When we study supervised machine learning, the basic assumption usually is that we have a relatively large training set of labeled examples with which to train our model, and the hard part is to design the model or learning algorithm that will achieve the best results on unseen examples. This is especially true when we talk about deep learning models, where we assume that we have a huge training set that allows us to design deeper and deeper networks without suffering from overfitting.

In practice though, this isn’t always the case. Not every learning task that we face has its own MNIST that we can easily download and play around with - most of the tasks that are interesting require data collection, cleaning and labeling. Even if you’re one of the industry giants and have access to a huge amount of data, you’ll still need to label that data. And labeling usually isn’t as simple as choosing the class of the image either… You might need someone to place a bounding box around each interesting region of an image, or pay a linguist to pick the correct part-of-speech tag for every word in a corpus, or pay a radiologist a lot of money to go over many MRI scans and mark tumors.

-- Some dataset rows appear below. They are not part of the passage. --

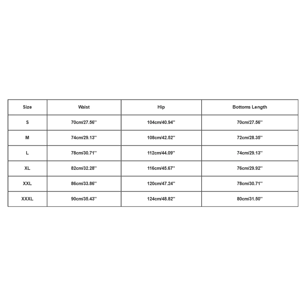 - Size: XXXL, Waist: 90cm/35.43”, Hip: 124cm/48.82”, Bottoms Length: 80cm/31.50”
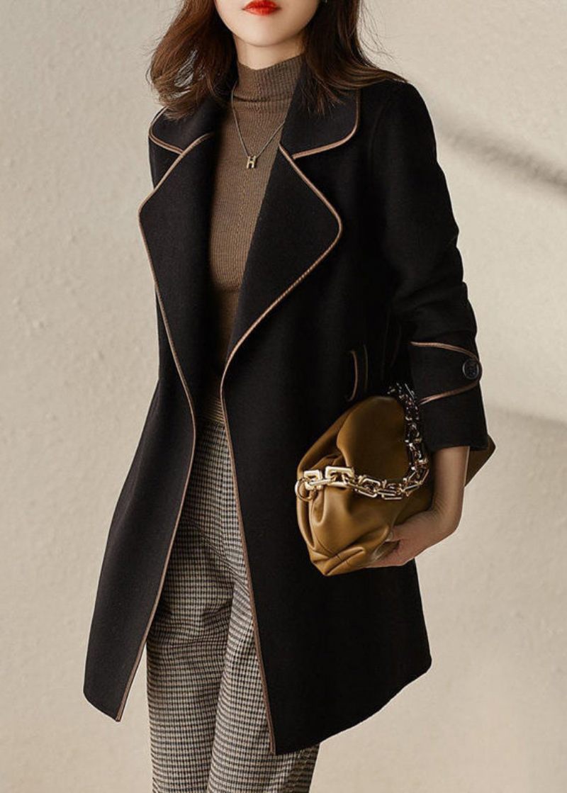 Lös Camel Tie Midjefickor Patchwork Yllerock Vinter
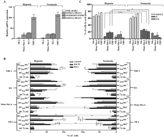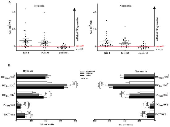 Whole blood contains all soluble and cellular factors present in the individual AML patient, which may have activating or inhibitory influences on physiological immune reactions [19]. Therefore, we generated DC/DCleu directly from healthy and leukemic WB to simulate most physiological conditions. DC/DCleu generation was feasible under both hypoxic and normoxic conditions and the DCleu subgroups did not significantly differ between the two conditions. Importantly, the used Kits did not induce blasts’ proliferation during cultures, thereby conforming previous findings. In the clinical context, these results support the idea that AML patients could be treated directly with Kits inducing DC/DCleu-generation in vivo [48,49].
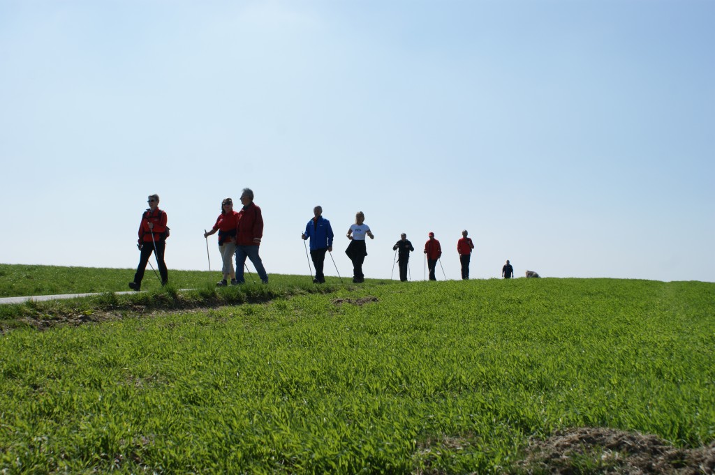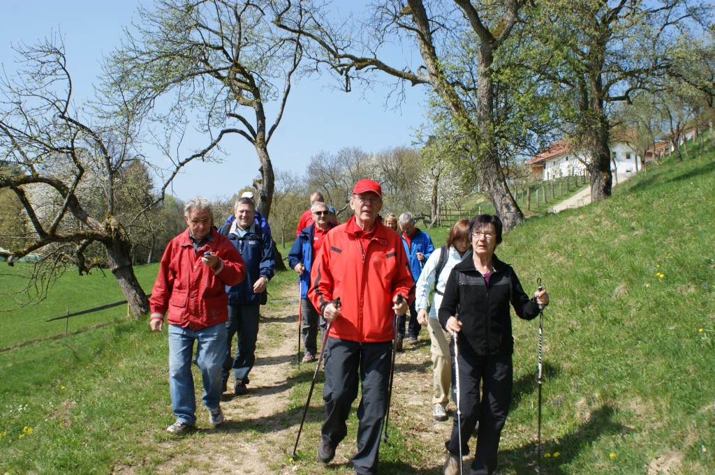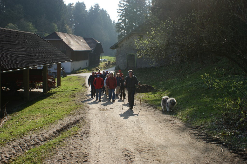 16 Zweibeiner und ein Vierbeiner starteten bei herrlichem Wetter vom Parkplatz Gerling ins Pesenbachtal.

So, while we would like to spend most of our time tweaking our hyper parameters to get the best results on our data, we end up spending most of it (along with a lot of our money) on labeling the data. This issue has been one of the key drivers for research into unsupervised learning, semi-supervised learning and our topic today - Active Learning (AL).

Blog Structure

In this blog we’ll dive into active learning, starting with the basic framework and approaches and moving along to a more modern and practical setting. We will evaluate and compare active learning methods in a controlled environment to see what really works (at least on the classic MNIST and CIFAR datasets). Finally, we will suggest a new method for active learning and detail the thought process that led us during the research in trying to get this new method to work well.

All of the code for recreating the experiments in this blog, along with our implementations of the different methods are available in our github repository and you are free to use it and learn from it.

The blog posts are arranged as follows:

  • Introduction to Active Learning - in this post we introduce the active learning framework and the classic algorithms developed for it.

  • Batch Active Learning - in this post we extend the framework to a more realistic setting, and detail today’s state of the art methods in this framework using deep learning models.

  • Comparing The Methods - in this post we compare the state of the art methods against each other in the most impartial way we can, using the MNIST and CIFAR-10 datasets.

  • Discriminative Active Learning - in this post we introduce the new active learning method we developed, tracing our research process from the initial idea through the experiments we’ve made. We also compare the method to existing methods.

  • Conclusion - in this post we wrap everything up and try to focus on the most important take home messages from all of the things we saw in this blog series.

  • References - if all of this isn’t enough, in this post we give references to all of the methods and ideas covered in this post and more so you can keep learning about this interesting field.

We really hope you enjoy reading through this review of active learning and gain a lot out of it.